# Given entries
-=-=-

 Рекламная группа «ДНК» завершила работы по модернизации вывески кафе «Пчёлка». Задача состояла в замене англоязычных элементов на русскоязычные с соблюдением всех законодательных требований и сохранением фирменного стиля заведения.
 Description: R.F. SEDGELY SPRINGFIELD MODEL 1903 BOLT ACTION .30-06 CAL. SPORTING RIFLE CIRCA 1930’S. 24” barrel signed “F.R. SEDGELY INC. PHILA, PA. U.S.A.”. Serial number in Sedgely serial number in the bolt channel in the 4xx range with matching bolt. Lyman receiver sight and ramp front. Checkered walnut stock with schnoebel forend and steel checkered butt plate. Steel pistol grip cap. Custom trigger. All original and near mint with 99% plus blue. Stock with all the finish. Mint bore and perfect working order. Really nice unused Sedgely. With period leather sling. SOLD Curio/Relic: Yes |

-=-=-

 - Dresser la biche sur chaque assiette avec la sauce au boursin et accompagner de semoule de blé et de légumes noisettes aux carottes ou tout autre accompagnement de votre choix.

-=-=-

# What you should do
Going back over the entries above, copy word for word every line from the one that has "фирменного стиля заведения." on through the one that has "Description: R.F. SEDGELY".

# Task answer
 Рекламная группа «ДНК» завершила работы по модернизации вывески кафе «Пчёлка». Задача состояла в замене англоязычных элементов на русскоязычные с соблюдением всех законодательных требований и сохранением фирменного стиля заведения.
 Description: R.F. SEDGELY SPRINGFIELD MODEL 1903 BOLT ACTION .30-06 CAL. SPORTING RIFLE CIRCA 1930’S. 24” barrel signed “F.R. SEDGELY INC. PHILA, PA. U.S.A.”. Serial number in Sedgely serial number in the bolt channel in the 4xx range with matching bolt. Lyman receiver sight and ramp front. Checkered walnut stock with schnoebel forend and steel checkered butt plate. Steel pistol grip cap. Custom trigger. All original and near mint with 99% plus blue. Stock with all the finish. Mint bore and perfect working order. Really nice unused Sedgely. With period leather sling. SOLD Curio/Relic: Yes |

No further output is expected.